History

German Empire
- Name: UC-94
- Ordered: 12 January 1916
- Builder: Blohm & Voss, Hamburg
- Yard number: 328
- Launched: 19 February 1918
- Commissioned: 31 August 1918
- Fate: Surrendered, 26 November 1918; broken up in Taranto in April 1919

General characteristics
- Class & type: Type UC III submarine
- Displacement: 491 t (483 long tons), surfaced; 571 t (562 long tons), submerged;
- Length: 56.51 m (185 ft 5 in) (o/a); 42.20 m (138 ft 5 in) (pressure hull);
- Beam: 5.54 m (18 ft 2 in) (o/a)
- Draft: 3.77 m (12 ft 4 in)
- Propulsion: 2 × propeller shafts; 2 × 6-cylinder, 4-stroke diesel engines, 600 PS (440 kW; 590 bhp); 2 × electric motors, 770 PS (570 kW; 760 shp);
- Speed: 11.5 knots (21.3 km/h; 13.2 mph), surfaced; 6.6 knots (12.2 km/h; 7.6 mph), submerged;
- Range: 9,850 nautical miles (18,240 km; 11,340 mi) at 7 knots (13 km/h; 8.1 mph), surfaced; 40 nmi (74 km; 46 mi) at 4.5 knots (8.3 km/h; 5.2 mph), submerged;
- Test depth: 75 m (246 ft)
- Complement: 32
- Armament: 6 × 100 cm (39.4 in) mine tubes; 14 × UC 200 mines; 3 × 50 cm (19.7 in) torpedo tubes (2 bow external; one stern); 7 × torpedoes; 1 x 10.5 cm (4.1 in) SK L/45 or 8.8 cm (3.5 in) Uk L/30 deck gun;
- Notes: 15-second diving time

Service record
- Commanders: Oblt. Friedrich Wunderlich; 31 August – 11 November 1918;
- Operations: None
- Victories: None

= SM UC-94 =

German World War I Type UC III submarine

SM UC-94 was a German Type UC III minelaying submarine or U-boat in the German Imperial Navy (Kaiserliche Marine) during World War I.

==Design==
A Type UC III submarine, UC-94 had a displacement of 491 t when at the surface and 571 t while submerged. She had a length overall of 56.51 m, a beam of 5.54 m, and a draught of 3.77 m. The submarine was powered by two six-cylinder four-stroke diesel engines each producing 300 PS (a total of 600 PS), two electric motors producing 770 PS, and two propeller shafts. She had a dive time of 15 seconds and was capable of operating at a depth of 75 m.

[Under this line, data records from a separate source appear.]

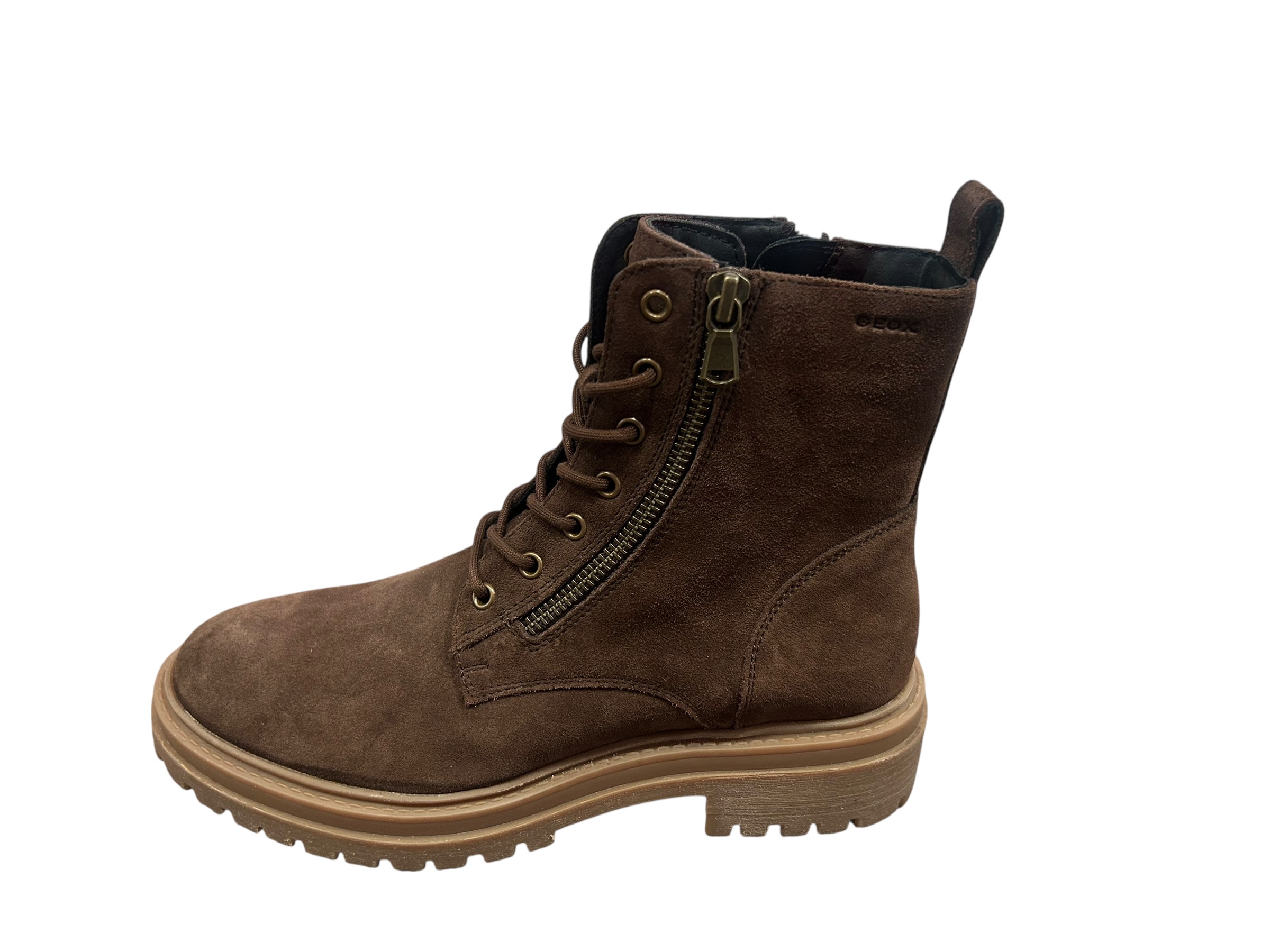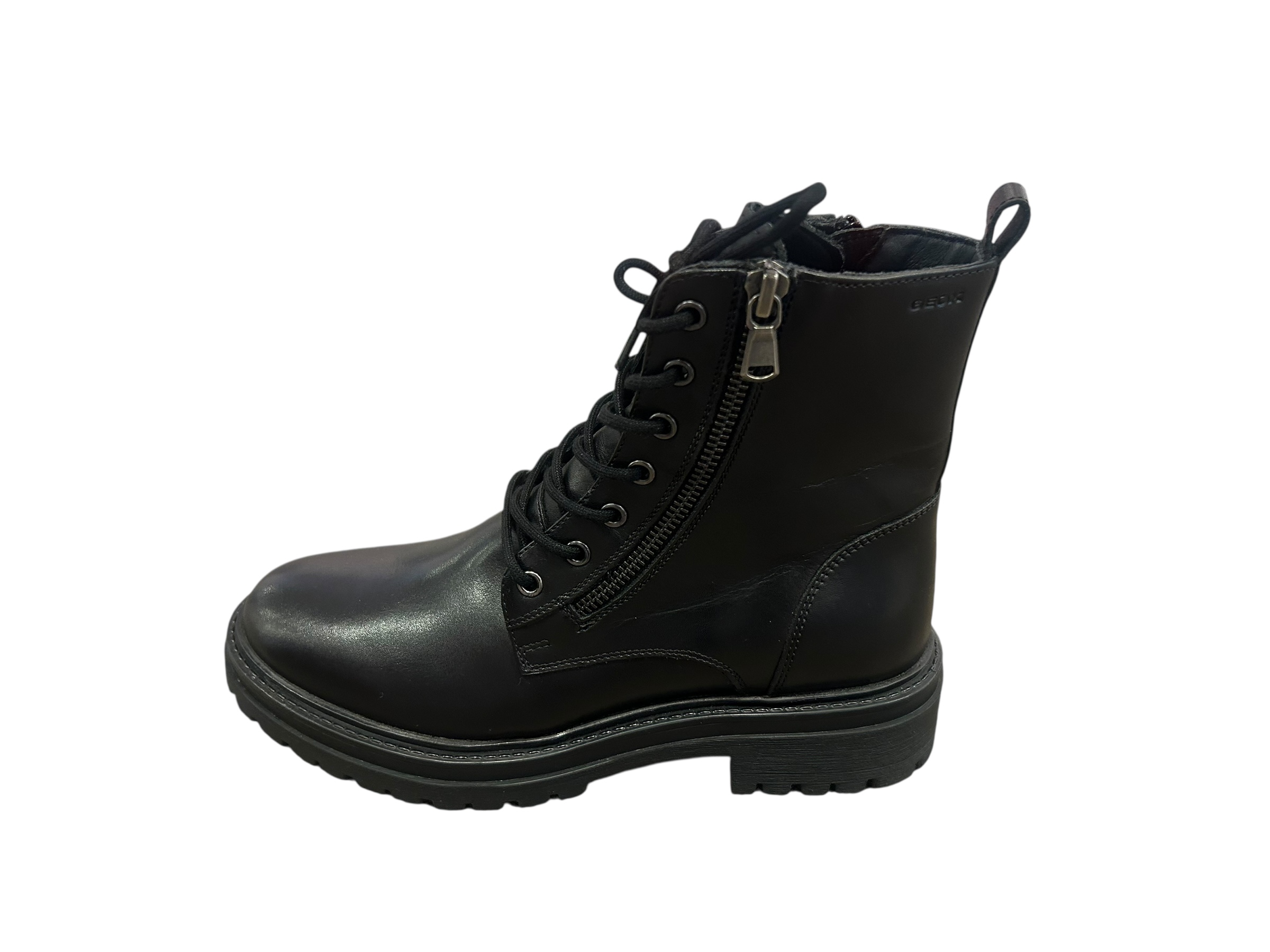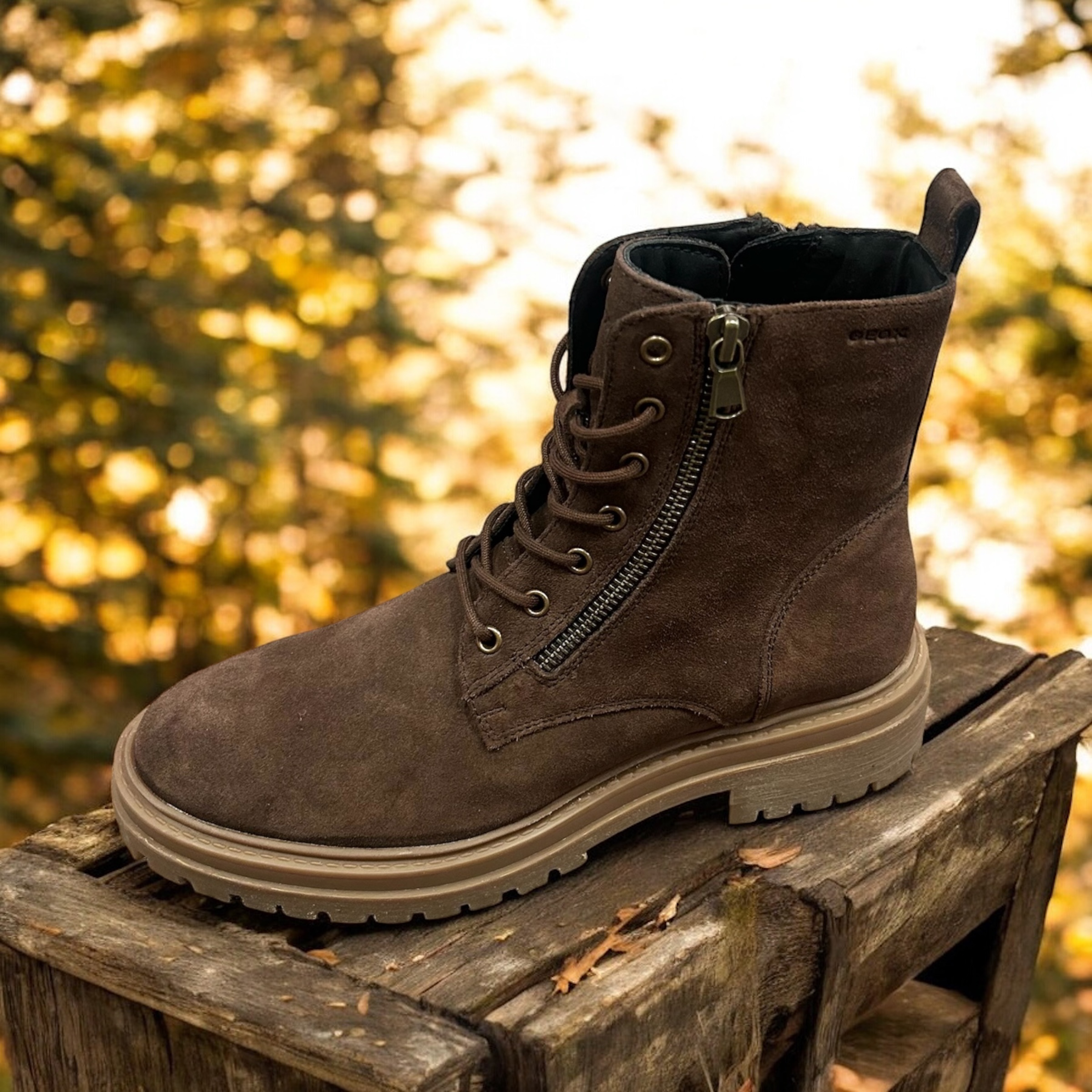 Le modèle Idea est une boots à lacet en cuir noir et velours marron de la marque Geox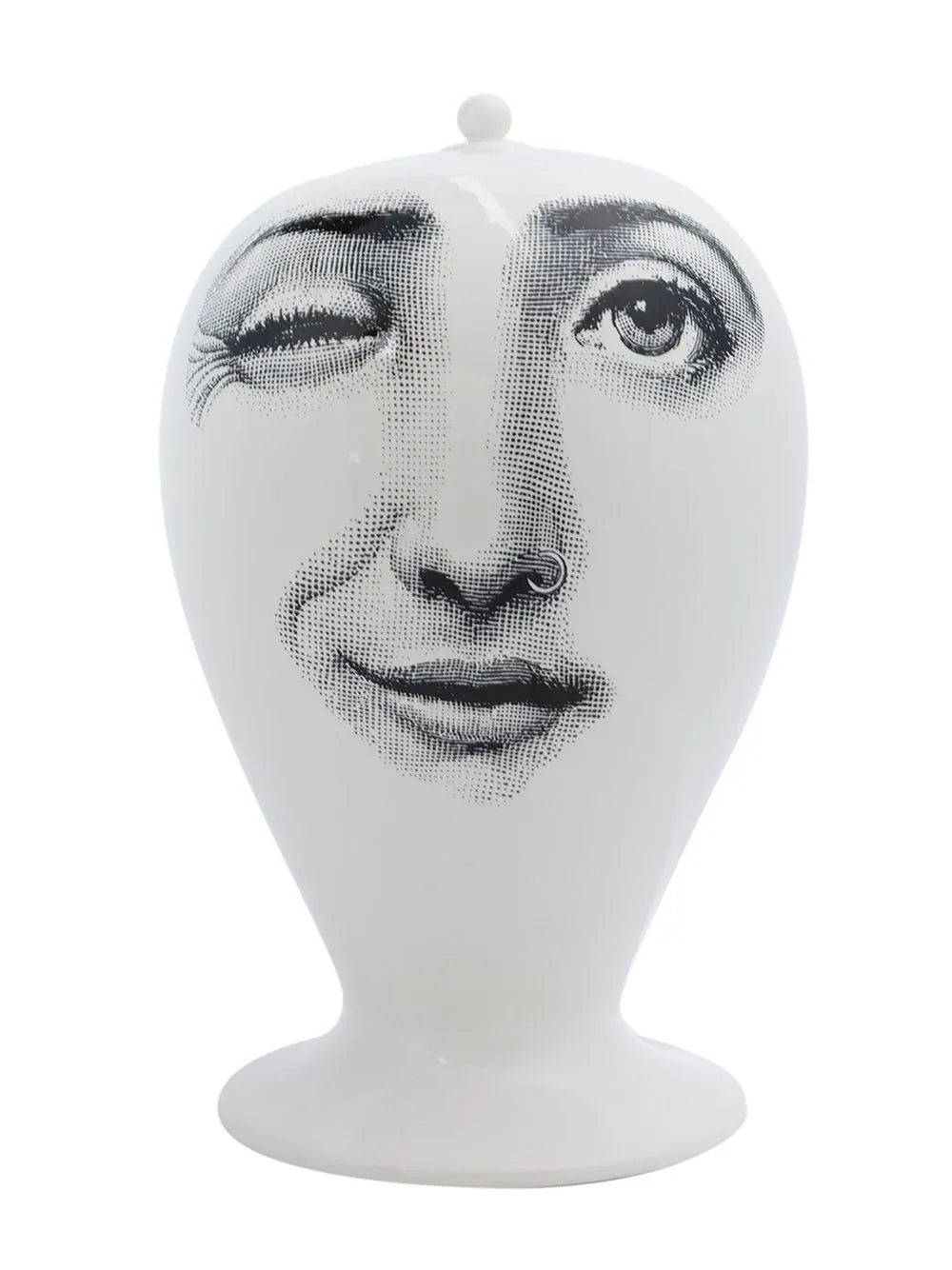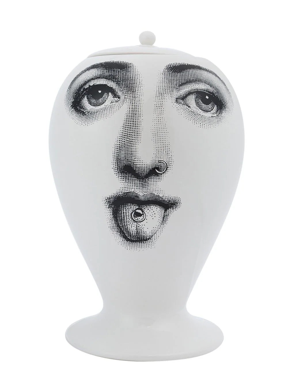 White ceramic face print vase from Fornasetti. This item comes with a gift box.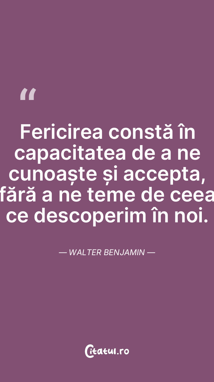 Fericirea constă în capacitatea de a ne cunoa ... Citește tot citatul >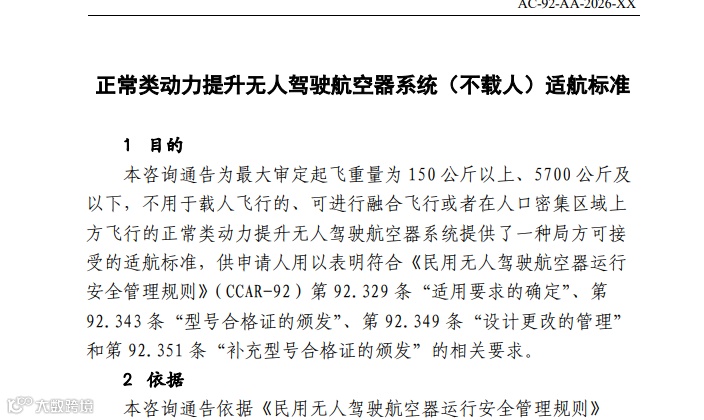 十五五开年,国内低空经济发展按下“加速键”,民航局持续加码行业标准制定!2月25日,民航局适航司正式发布《正常类多旋翼无人驾驶航空器系统(不载人)适航标准(征求意见稿)》和《正常类动力提升无人驾驶航空器系统(不载人)适航标准(征求意见稿)》两份重磅文件。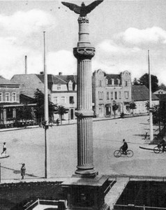 Ehemaliges Denkmal für die Gefallenen des Krieges 1870/71: Abgestufter und verzierter Quader mit aufgesetzter klassischer Säule und krönendem Adler.

The submarine was designed for a maximum surface speed of 11.5 kn and a submerged speed of 6.6 kn. When submerged, she could operate for 40 nmi at 4.5 kn; when surfaced, she could travel 9850 nmi at 7 kn. UC-94 was fitted with six 100 cm mine tubes, fourteen UC 200 mines, three 50 cm torpedo tubes (one on the stern and two on the bow), seven torpedoes, and one 10.5 cm SK L/45 or 8.8 cm Uk L/30 deck gun . Her complement was twenty-six crew members.

==Construction and career==
The U-boat was ordered on 12 January 1916 and was launched on 19 February 1918. She was commissioned into the German Imperial Navy on 31 August 1918 as SM UC-94. As with the rest of the completed UC III boats, UC-94 conducted no war patrols and sank no ships. She was surrendered on 26 November 1918 and broken up in Taranto in April 1919.